- _WORK TASK_
Please print nothing but the lines from the one with "- Bảo vệ quá" to the last line of the records below, and omit pictures.

- _INPUT FOR THIS TASK_
────────
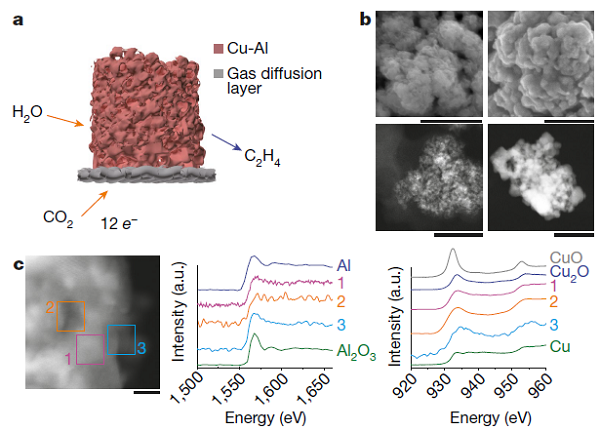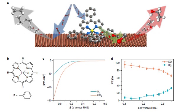 多倫多大學的Edward H. Sargent(通訊作者)課題組[3]提出了一種分子-金屬催化劑表面的協同催化劑設計。這一設計旨在建立富含反應中間體的局部環境,從而提高從二氧化碳和水電合成乙醇的能力。研究人員首先利用一系列能夠催化二氧化碳形成一氧化碳的卟啉基金屬復合物對銅表面進行功能化,再利用DFT計算和拉曼、X射線等譜學表征,發現局部一氧化碳展現出高濃度特點,能夠有利于碳碳耦合、控制反應路徑以高效生產乙醇。驗證實驗的結果,二氧化碳-乙醇轉變的局部電流密度也達到了(124?mA?cm?2)(?0.82 V vs RHE),但由于抑制氫氣生成的問題沒有解決,其法拉第效率略有下降(41%)。這一催化劑后又被集成到薄膜電極組裝系統,也實現了13%左右的全局能量效率。
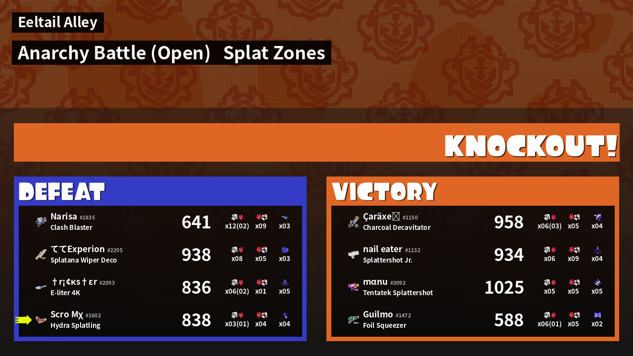 | Mode | Splat Zones - Anarchy Battle (Open) |
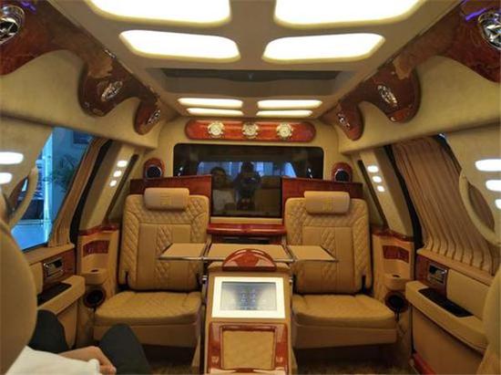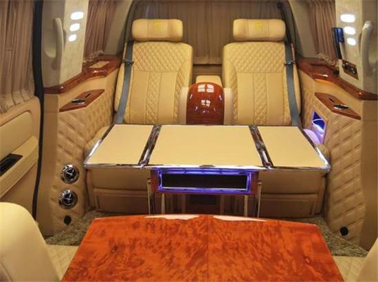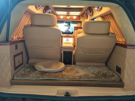 林肯领袖一号说到最豪华部分就是它的内饰装修了,电动桌板,隐藏座椅,伸缩咖啡机,这些配置都是进口产品。林肯领袖一号配了32寸液晶电视,蓝光DVD,BOSE音响以及前后对讲机,豪华程度可以说是比劳斯来斯还要齐全。
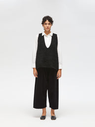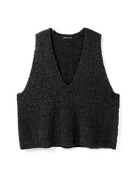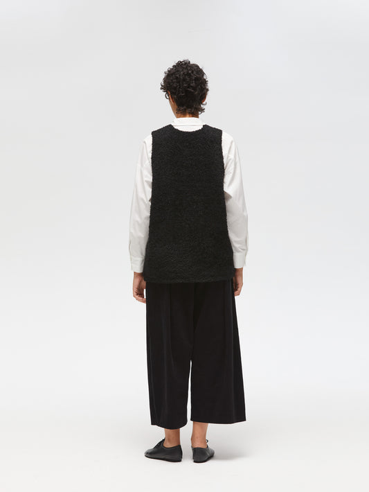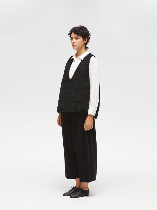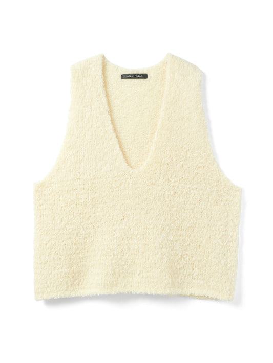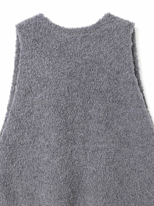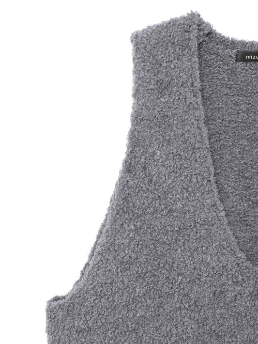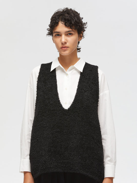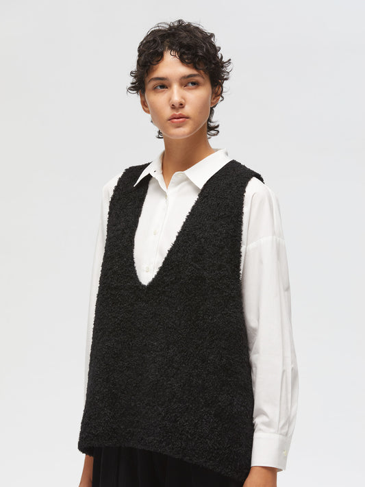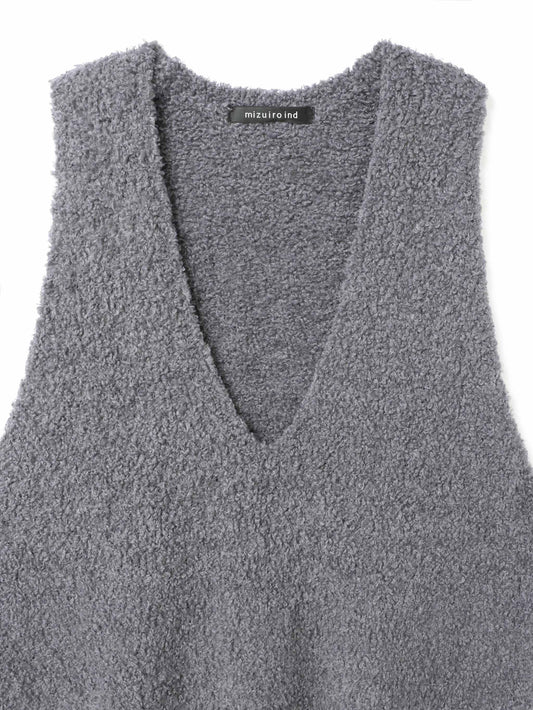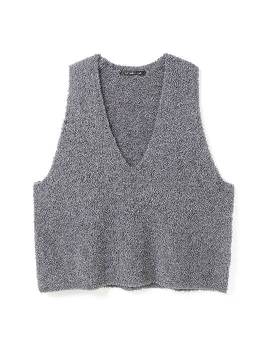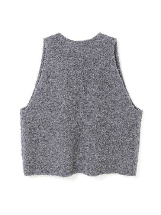 人気のへアリーVネックベストが今季も登場。昨年よりも少しコンパクトなシルエットに変更バランスよく着こなせるシルエットにアップデートしました。ループ編みのもこもことした素材感で寒い季節を温かく彩るへアリーヤーンのワイドベストです。丸みのある深Vネックがポイント。アームホールを広めに設計しアイテム問わず合わせやすくコーディネートで活躍します。リサイクルポリエステルのモール糸を使用したループヤーン。とても柔らかでふかふかの素材感。
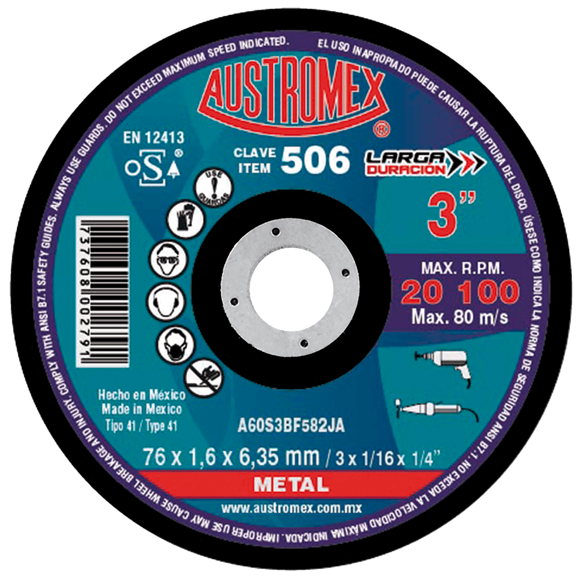 506 41 A60S3BF582JA 3 x 1/16 x 1/4 AUSTROMEX Disco para corte de metal Mototool, Taladro
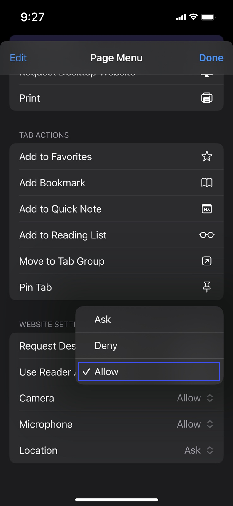 Step 5: Tap each option (Camera and Microphone), then select “Allow”.
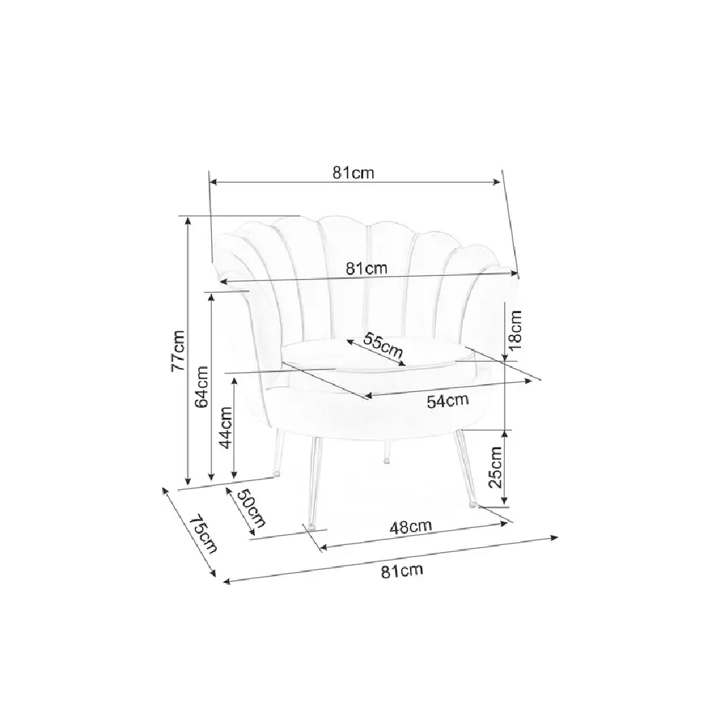 Dimensions: Width: 81cm, Seat Height: 44cm, Total height: 77cm
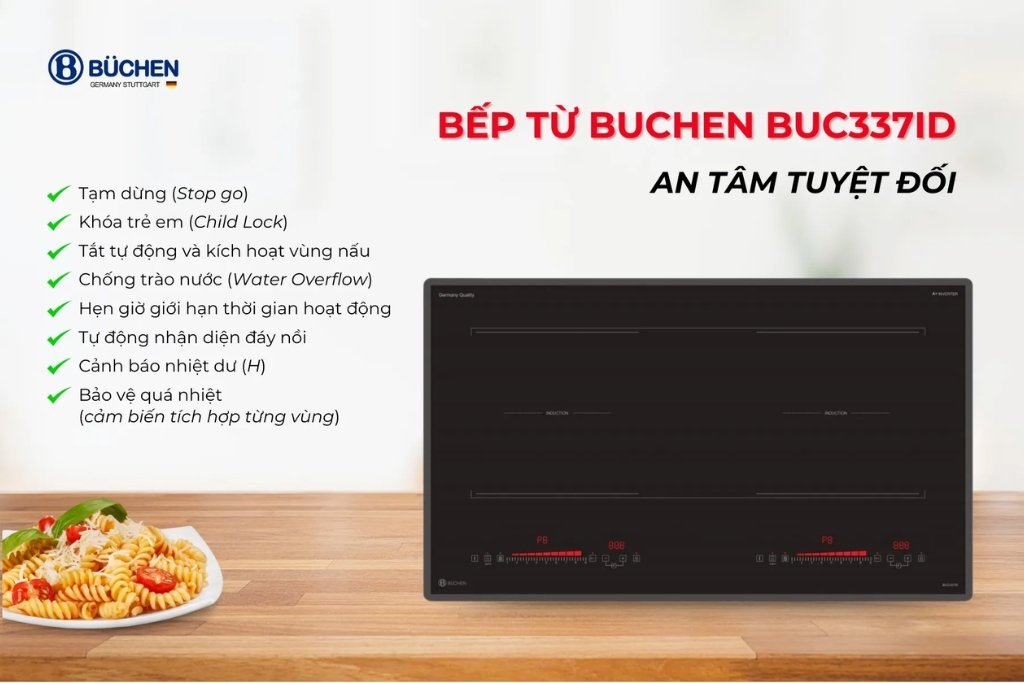 - Bảo vệ quá nhiệt (cảm biến nhiệt độ tích hợp trong từng vùng nấu)
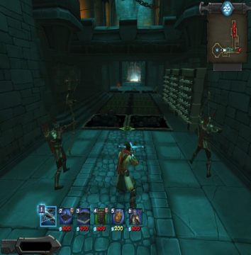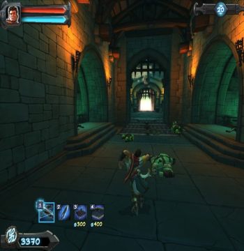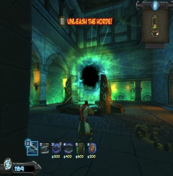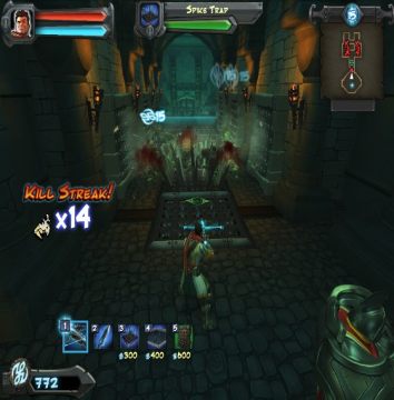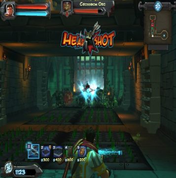 《兽人必须死》走的是3D塔防路线,游戏舞台是24关古堡要塞内的封闭场景,战斗爆发后大群兽人会沿着可通行路径发动冲锋,它们的目标是地图尽头的魔法裂隙,那也是玩家守护的对象,有如《植物大战僵尸》里的主角小屋。当兽人扑入魔法裂隙后会减少小雷达上方的裂隙生命值,降低为零则宣告失败。本作中玩家不再通过高高在上的上帝视角操控游戏,而是扮演一位能直接投入战斗的大帅哥,每场战斗前主角可以从容不迫地观察防区地形,地面上流动的闪光线条清楚标出了兽人进攻的路线,仔细考虑如何设置陷阱机关,准备完毕后喊声Action放出敌人受死,战斗中随时能用杀敌赚来的钱现场施工补铺陷阱,总体来看这游戏打起来比《植物大战僵尸》要轻松得多。
────────
- _ANSWER TO THE EXERCISE_
 - Bảo vệ quá nhiệt (cảm biến nhiệt độ tích hợp trong từng vùng nấu)
 《兽人必须死》走的是3D塔防路线,游戏舞台是24关古堡要塞内的封闭场景,战斗爆发后大群兽人会沿着可通行路径发动冲锋,它们的目标是地图尽头的魔法裂隙,那也是玩家守护的对象,有如《植物大战僵尸》里的主角小屋。当兽人扑入魔法裂隙后会减少小雷达上方的裂隙生命值,降低为零则宣告失败。本作中玩家不再通过高高在上的上帝视角操控游戏,而是扮演一位能直接投入战斗的大帅哥,每场战斗前主角可以从容不迫地观察防区地形,地面上流动的闪光线条清楚标出了兽人进攻的路线,仔细考虑如何设置陷阱机关,准备完毕后喊声Action放出敌人受死,战斗中随时能用杀敌赚来的钱现场施工补铺陷阱,总体来看这游戏打起来比《植物大战僵尸》要轻松得多。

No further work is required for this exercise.